10 June 2022, Geneva, Switzerland - On Saturday 15th January 2022, the ongoing volcanic eruption of Hunga Tonga-Hunga Ha’apai triggered a tsunami across the Pacific. The scale of the explosion was so large, undersea communications lines were damaged, leaving the population of the Kingdom of Tonga out of reach. The dense ash clouds, added to the poor meteorological conditions, limited the flying capabilities and visual confirmation of the situation on the ground. Satellite imagery, therefore, became a key source of information to assess the extent and severity of the damages to the many islands. It also became a light of hope for individuals with no news from their loved ones.

This was the case of Karen Melnychuck and her sister Laura Jarosz: their mother Patti, 80 years old, runs her own wellness center resort on Uoleva Island, located relatively close to the volcano and they had found no information on her situation yet. After a couple of days of scouting the internet, they had stumbled upon a map from the United Nations Satellite Centre (UNOSAT) showing an assessment of an island near their mother’s. They looked through all of the information available on the website, learning how to read geospatial data on the go, but nothing was available on Uoleva island. Out of options, they emailed UNOSAT pleading to share any more information they might have access to.

I am desperately trying to see if my mother and friends are alive.
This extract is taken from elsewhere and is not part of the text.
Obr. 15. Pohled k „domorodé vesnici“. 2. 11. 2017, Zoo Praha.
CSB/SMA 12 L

She lives on Uoleva island in Ha apai, Tonga. […] We are so worried about their safety and ability to get food and water.
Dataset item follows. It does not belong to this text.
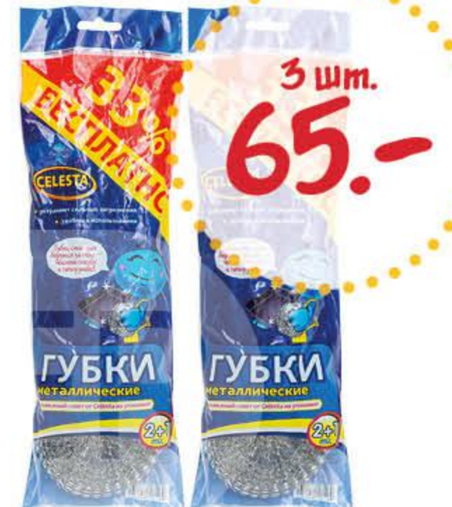
Губка СЕЛЕСТА металлическая

UNOSAT’s Emergency Mapping was activated very early in the disaster, following a request by the UNOCHA Regional Office for Asia and the Pacific, to support the emergency response operations. Even though responding to direct requests issued by individuals is not a standard operational procedure for UNOSAT, it was decided to mobilize the team. Within a few hours, the analysts responded: from the satellite imagery available, ash deposits were visible on the island but no extensive damage was identified on buildings. The relief was considerable for the two sisters.
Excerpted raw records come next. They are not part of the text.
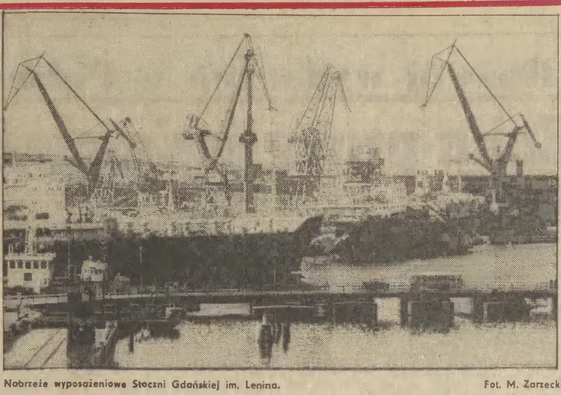
Nabrzeże wyposażeniowa Stoczni Gdańskiej im. Lenina.

Rzecznik Reagana natomiast oświadczył, że nie ma wiadomości o planach włączenia b. prezydenta do ewentualnego gabinetu Reagana, ale nie wykluczył kategorycznie możliwości powierzenia Nixonowi misji dyplomatycznych.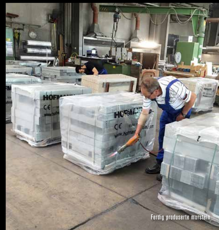
Ferdig produserte murstein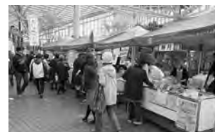
マルシエdeポート土崎

*秋田市以外(男鹿市、潟上 市、三種町、大瀧村)のイ ベントなどはホームページ でもご覧いただけます。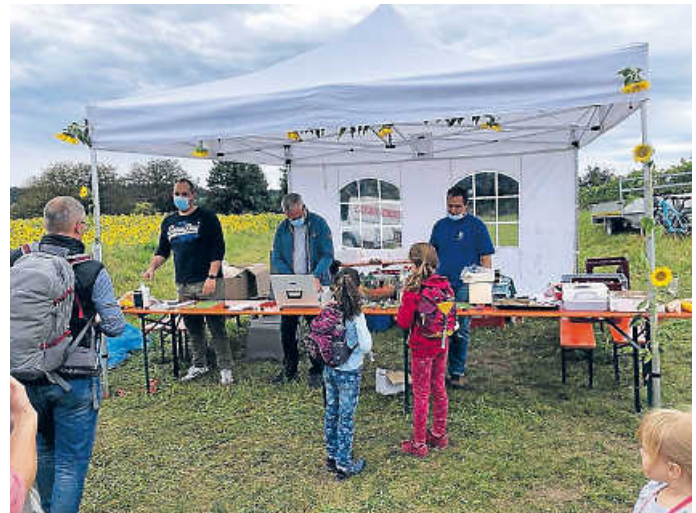
Dieses Jahr brauchen wir zum Glück keine Masken an den Weinständen!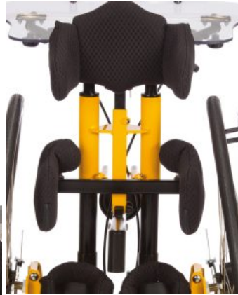
Soporte de pelvis y cadera ajustables Todd

I’m so grateful beyond what words could express!!! Thank you for these images! It’s truly amazing you were able to get us these. And a great gift for us to receive some good news and hope!!!


UNOSAT’s Emergency Mapping service provides satellite image analysis during humanitarian emergencies to UN agencies and Member State’s authorities. The analysts collect relevant data and available satellite images over a delimited area and produce the different analyses requested by a national or international body. In the case of this activation, the first analyses produced showed initial assessment of damage to roads and buildings on targeted nearby inhabited islands. These results were swiftly shared with UNOCHA and disaster relief organizations to inform the decision-making for emergency response planning.

The fact that Uoleva island had so few inhabitants was the only reason it was not included in the priority areas of interest. Nonetheless, the limited information extracted from satellite images was already good hope for them, as it appeared that the buildings were not affected by the tsunami waved induced by the eruption. The two sisters shared the analysis results with their online community, including the owners of the other resort of the island. Having this evidence of limited damage to their mother’s island gave them the hope and energy to wait until they could finally get in direct contact with her. A few days later, they were able to get confirmation that Patti was safe and well, she had simply waited it out playing cards with her partner.